Pass array variable to and from a nested bash script

Question

I have a main script (main.bash)

#!/bin/bash
var=10                 #Variable to pass to the nested script
./nested.bash $var     #Pass 'var' to the nested script, which outputs the 'list' array
echo $list             #echo the output of the nested script

The nested script (nested.bash) is:

#!/bin/bash
if [ $1 == 10 ] ; then    
    list=(10-10 20-01 30-03 40-01 50-05)
fi
export list

I used export, but it is not working. How can 'nested.bash' pass list array to 'main.bash'? More generally, how can this be done?

Answer 1

The simplest solution is to source the script with .. This runs it in the current shell process instead of in a child process, which means the outer script can see the changes made by the nested script.

main

#!/bin/bash
var=10
. ./nested.bash "$var"
echo "${list[@]}"

nested.bash

if [ "$1" == 10 ]; then    
    list=(10 20 30 40 50)
fi

Notes:

• Executables should generally not have an extension.
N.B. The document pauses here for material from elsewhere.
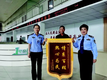 东昌府交警一直坚持以人民为中心的发展思想,推进落实交警系统改进执法“六项措施”,做到轻微违法不予处罚、一般违法首次警告、常见违法先行提醒,努力实现“三个效果”的相统一。牢固树立“交警在路上”理念,巧用“加减乘除”运算法,以优化营商环境为契机,营造浓厚的亲商、爱商、重商、尊商的氛围,为群众、企业办实事解难题,推动公安交管“放管服”改革走深走实。6月6日上午,浙江永康市的应先生将印有“情系百姓 热心为民”的感谢锦旗送到东昌府大队车管所工作人员手中。感谢大队工作人员服务热情周到,细致入微,认真负责,主动排忧解难,切实为老百姓办了实事。
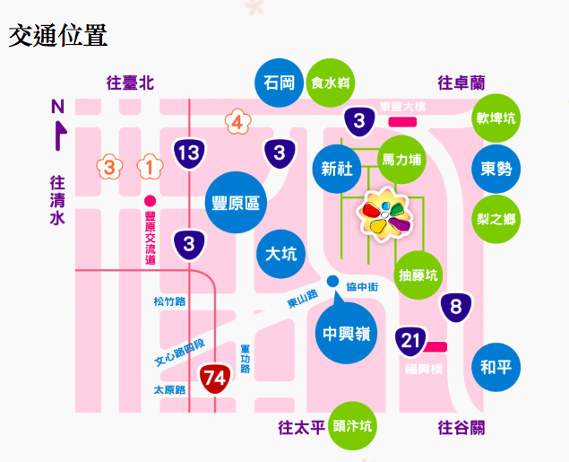 最後提供新社花海官網的交通資訊給你們參考,從國道、台三線與台中市區皆可抵達,另有規劃多區停車場可以停放愛車。

The caller doesn't need to know if the script is written in bash or python or is a compiled C program. Prefer main to main.bash.

• Sourced scripts, on the other hand, should have an extension since they need to be executed in a particular interpreter. Name the inner script nested.bash.

• Always quote variable expansions.

• Array expansion is "${list[@]}". If you write $list you'll only get the first element.

• You don't have to pass "$var" in and reference it as "$1" in the nested script. You can reference "$var" directly if you like.

Answer 2

You can't export variables to a parent process. export is only used to pass variables to child processes. It's also not possible to export arrays.

The way to send data back to the parent process is through standard output, using command substitution.

main.bash:

#!/bin/bash
var=10                 
list=($(./nested.bash "$var"))
echo "${list[@]}"

nested.bash:

#!/bin/bash
if [ $1 == 10 ] ; then    
    list=(10 20 30 40 50)
fi
echo "${list[@]}"